Mancuso, Eikenberry and Gumel (doi: 10.1016/j.idm.2021.08.008) assessed the impact of the vaccine-induced, cross-protective efficacy on the spread of COVID-19 in the United States by a two-strain (one wild-type, one variant) and two-group (vaccinated or otherwise) mechanistic mathematical model. Rigorous analysis focused on the threshold vaccination coverage in the population. Considering the uncertainties on the transmissibility of wild and variant strains, as well as the vaccine efficacies, sensitivity and uncertainty analysis was performed to reveal the most influential model parameters on the reproduction number and threshold vaccine coverage.

Several vaccination scenarios in some provinces of Indonesia were assessed in the study by Nuraini et al. (doi: 10.1016/j.idm.2021.09.002) with a compartmental epidemiological model with age groups. It was shown that the timing and period of the vaccination play an important role in determining the effectiveness of vaccination programmes and specific age groups should be prioritised for vaccination.

Different from the traditional individual surveillance testing via nasal swabs and/or saliva, wastewater surveillance was employed as an early warning signal to locate COVID-positive individuals in a study by Wong et al. (doi: 10.1016/j.idm.2021.09.003). It evaluated the sensitivity of SARS-CoV-2 infection rates to wastewater surveillance, and indicated that wastewater surveillance can effectively reduce the number of false positive cases by identifying subpopulations for further individual testing. 

Brozak et al. (doi: 10.1016/j.idm.2021.10.001) proposed a metapopulation modelling approach to project the dynamics of the COVID-19 pandemic in India and Pakistan. The impact of back-and-forth mobility between the two countries was assessed, and its impact on time-to-elimination was also simulated.

The study by Antonelli, Piccolomini and Zama (doi: 10.1016/j.idm.2021.11.001) monitored COVID-19 spread and immunisation in Italy through a hybrid-switched compartmental model. By fitting model to data, it was shown that the model parameter values were switched. Further possible forecast scenarios on disease transmission were simulated with an increased vaccination rate.

A five-compartment mathematical model was proposed to evaluate the importance of vaccination and vaccine efficiency rate during the ongoing pandemic in Mahmud et al. (doi: 10.1016/j.idm.2021.11.002). In addition to vaccine efficacies of the four widely-used vaccines - Pfizer, Moderna, AstraZeneca and Johnson & Johnson - two other special cases (100% efficacy and no vaccine use) were simulated. It was shown that mass vaccination and quick responses were required to control the spread of the disease.
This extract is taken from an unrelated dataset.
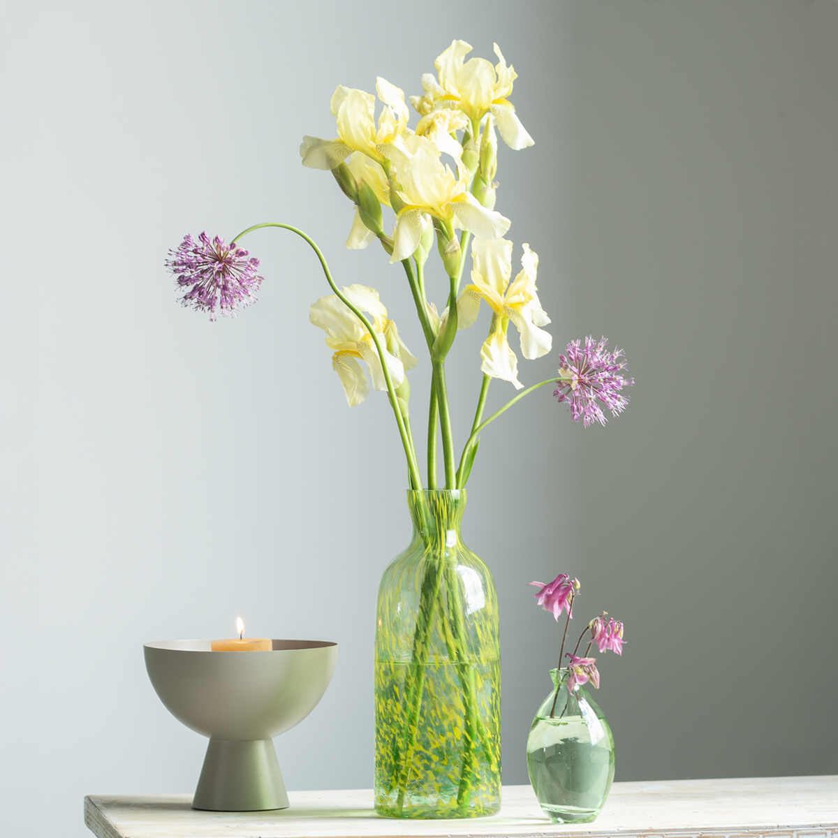 - Kombinieren Sie die Vase mit anderen Glasartikeln für eine vielschichtige Tischdeko.

By coupling a simple model of quarantine and testing strategies for international travellers with a model for transmission of the virus in a partly-vaccinated population, Steyn et al. (doi: 10.1016/j.idm.2021.12.006) evaluated the effect of vaccination, border testing and quarantine requirements on the risk of COVID-19 in New Zealand. The model compared different border control strategies for limiting the risk of community outbreaks, which could inform strategies for relaxing border controls in a phased way.

Liu and Lou (doi: 10.1016/j.idm.2022.02.002) reviewed modelling methods to optimise COVID-19 vaccination programmes during vaccine shortages. In particular, different allocation strategies of vaccines were included in various models with differential vaccine efficacies: priority vaccination strategy (including age-group based priority, risk-based prioritisation, geography-stratified prioritisation), time-varying prioritisation, dose stretching by delaying the second dose, and dose sparing with fractional dosing strategy. Furthermore, various model-based outcome measures were summarised as the objective functions for optimisation.